(STUDY MATERIAL Opens)

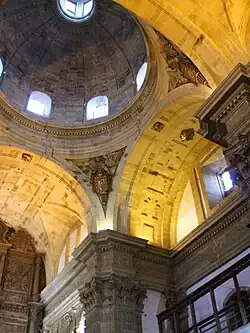 Built by Pedro Marlote and Juan de la Sierra between 1594 and 1603, the great escalator is characterized for its 3 meters wide and its one piece steps. The structure was made with such a strong granite, that the state of it is almost perfect after centuries of used. One of the main characteristics that make this escalator unique is the way it was built. The escalator has no central support, resting on the side walls of the building. Under the escalator, in the arcade, there are still rests of the map, the architects draw as a reference to build the escalator.[1][5]
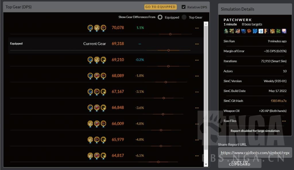 接下来给大家提供以我的一套装备基础得出的模拟结果,相信大家通过模拟数据可以对我所说的了然于心。
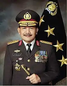 Police-General Badrodin Haiti was the Chief of the Indonesian National Police from 16 January 2015 until 13 July 2016, succeeding, Police-General Sutarman. On 16 January 2015 Badrodin was appointed by Indonesian President Joko Widodo to be the Acting Chief of Indonesian National Police replacing Sutarman, who officially retired from the service and awaiting for elected Police Chief Police-Commissioner General Budi Gunawan who was a suspect on a corruption case.[1][2] On 16 April 2015, he was confirmed unanimously by Indonesian House of Representatives and sworn in by President Joko Widodo on 17 April 2015. He was replaced by Police-General Tito Karnavian.[3]
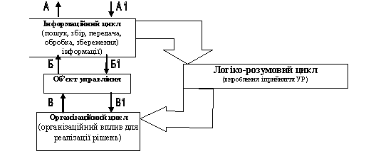 Технологія прийняття рішення у процесі управління поділяється на три основних цикли (рис. 1.2): інформаційний (пошук, збір, передача, обробка, збереження інформації; логіко-розумовий (вироблення і прийняття УР); організаційний (організація виконання УР).
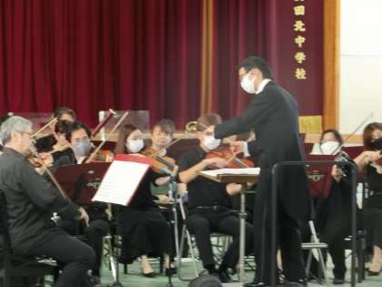本日の午後、体育館で関西フィルのオーケストラ演奏を鑑賞しました。
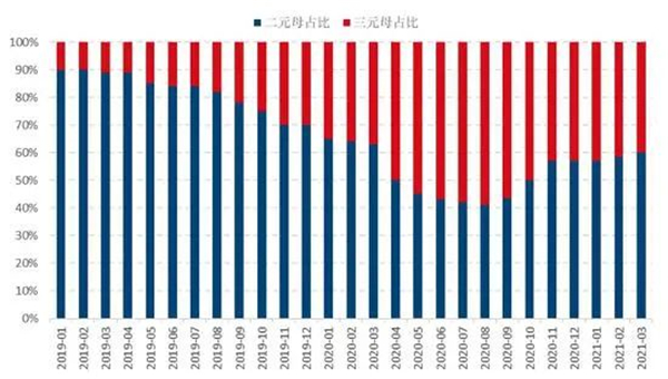 2020年国内进口猪肉439万吨,较2019年的211万吨大幅增加,折算120公斤的生猪大致在5000万头的水平,大致相当于国内年出栏量10%的水平,进口猪肉已经成为国内猪肉供应的重要补充力量。而根据海关统计,2021年1-2月进口冻猪肉延续了大幅度增加的态势,累计进口达到70万吨,折生猪头数在730万头左右,同比增加25%。如果加上猪杂碎,则1-2月进口猪肉及猪碎产品达到90万吨。由于目前国内猪肉价格仍高于国际市场水平,按当前进口成本估算,进口冻肉较国内白条肉出厂价格便宜了40-50%,预计后期国内进口猪肉仍将处于较高的水平。
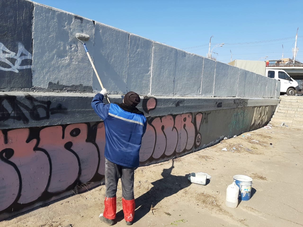 Сегодня ведутся работы по закрашиванию надписей, которые появились после прошедших выходных дней, пройдут на улице Карла Маркса и набережной Массалитинова.

(STUDY MATERIAL Closes)

EXERCISE DETAILS:
Pictures are to be left out; the lines from the start of the records above through the line holding "本日の午後、体育館で関西フィルのオーケストラ演奏を鑑賞しました。" are to be returned exactly.

SOLUTION TO THE EXERCISE:
 Built by Pedro Marlote and Juan de la Sierra between 1594 and 1603, the great escalator is characterized for its 3 meters wide and its one piece steps. The structure was made with such a strong granite, that the state of it is almost perfect after centuries of used. One of the main characteristics that make this escalator unique is the way it was built. The escalator has no central support, resting on the side walls of the building. Under the escalator, in the arcade, there are still rests of the map, the architects draw as a reference to build the escalator.[1][5]
 接下来给大家提供以我的一套装备基础得出的模拟结果,相信大家通过模拟数据可以对我所说的了然于心。
 Police-General Badrodin Haiti was the Chief of the Indonesian National Police from 16 January 2015 until 13 July 2016, succeeding, Police-General Sutarman. On 16 January 2015 Badrodin was appointed by Indonesian President Joko Widodo to be the Acting Chief of Indonesian National Police replacing Sutarman, who officially retired from the service and awaiting for elected Police Chief Police-Commissioner General Budi Gunawan who was a suspect on a corruption case.[1][2] On 16 April 2015, he was confirmed unanimously by Indonesian House of Representatives and sworn in by President Joko Widodo on 17 April 2015. He was replaced by Police-General Tito Karnavian.[3]
 Технологія прийняття рішення у процесі управління поділяється на три основних цикли (рис. 1.2): інформаційний (пошук, збір, передача, обробка, збереження інформації; логіко-розумовий (вироблення і прийняття УР); організаційний (організація виконання УР).
本日の午後、体育館で関西フィルのオーケストラ演奏を鑑賞しました。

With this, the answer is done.